Une grande partie de ces débris a dérivé vers le gyre subtropical du Nord-Pacifique, ou Great Pacific Garbage Patch, entre Hawaï et la Californie. Ce tourbillon de courants océaniques accumule des plastiques de toutes tailles depuis plus de 50 ans.

Haram et son équipe, en collaboration avec l'Ocean Voyages Institute, ont collecté des débris de plus de 5 cm (bouées, engins de pêche, objets ménagers). Leur analyse a révélé des espèces côtières sur plus de la moitié des plastiques examinés, souvent originaires d'Asie de l'Est : anémones, étoiles de mer cassantes, balanes, isopodes, algues et poissons côtiers "s'agglutinant autour de ces radeaux plastiques", décrit Haram. "Cela crée de véritables oasis de vie."

Aux côtés de ces arrivants côtiers, des espèces pélagiques adaptées aux débris flottants coexistaient : balanes à col de cygne, crabes, bryozoaires. Fait surprenant, la diversité des espèces côtières surpassait celle des natives de haute mer.

Ces résultats indiquent un écosystème distinct, selon Henry S. Carson, écologue marin au Département de la pêche et de la faune de Washington, non impliqué dans l'étude. "Des espèces côtières et pélagiques se mêlent dans cet habitat inédit. Fascinant, mais imprévisible."

Les interactions entre ces groupes, leur alimentation et leur reproduction en haute mer restent à élucider. L'équipe étudie si ces populations sont autosuffisantes ou constamment renouvelées depuis les côtes.

"Déterminer la part autochtone versus importée serait une piste passionnante", ajoute Carson.

Des questions clés persistent : ce phénomène touche-t-il d'autres océans ? Quel rôle dans la dispersion d'invasives, y compris pathogènes pour les coraux ?

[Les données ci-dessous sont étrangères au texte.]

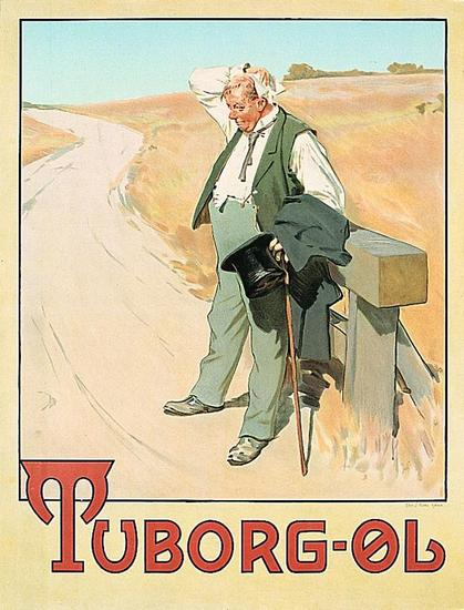 Poster by Erik Henningsen for Tuborg Beer (1900)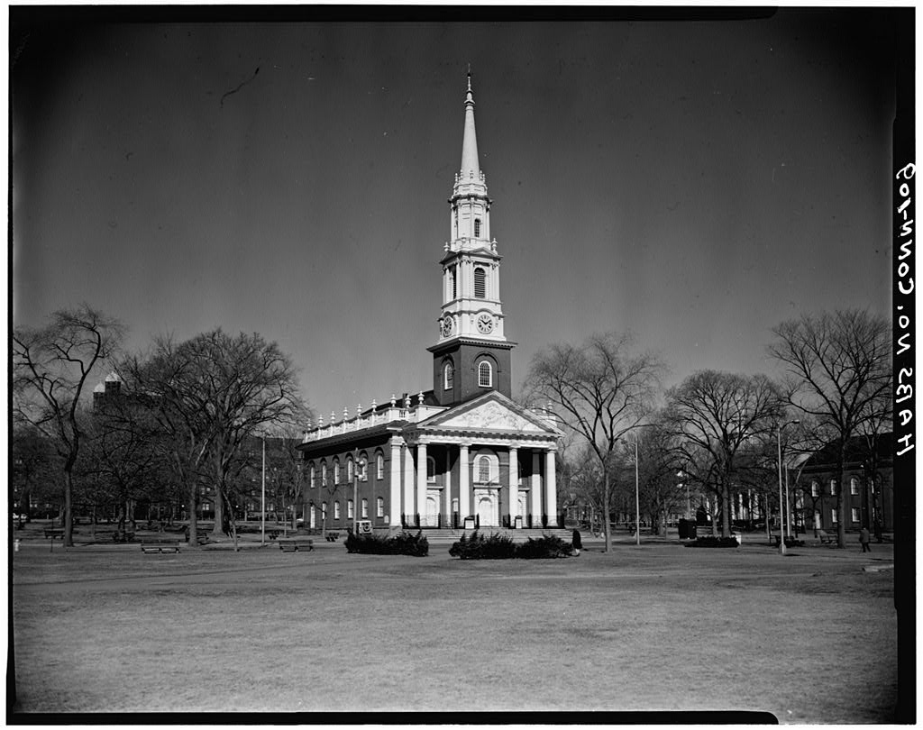 Front facade, facing the New Haven Green, of the Center Church on the Green, also known as First Church of Christ (Congregational), Temple Street, New Haven, New Haven County, Connecticut. Photograph courtesy of the Historic American Buildings Survey, Library of Congress, Washington, D.C.

Avec l'augmentation des plastiques, inondations et tempêtes dues au changement climatique, ces communautés de rafting plastic ne feront que proliférer, concluent les auteurs. "Plus de plastiques en haute mer signifie potentiellement plus d'espèces côtières", prévient Haram.

Correction : 07/12/2021. Une version antérieure attribuait à tort le Smithsonian Institute dans l'image d'ouverture (correction : The Ocean Cleanup). La légende précise que tous les hydroïdes ne sont pas côtiers.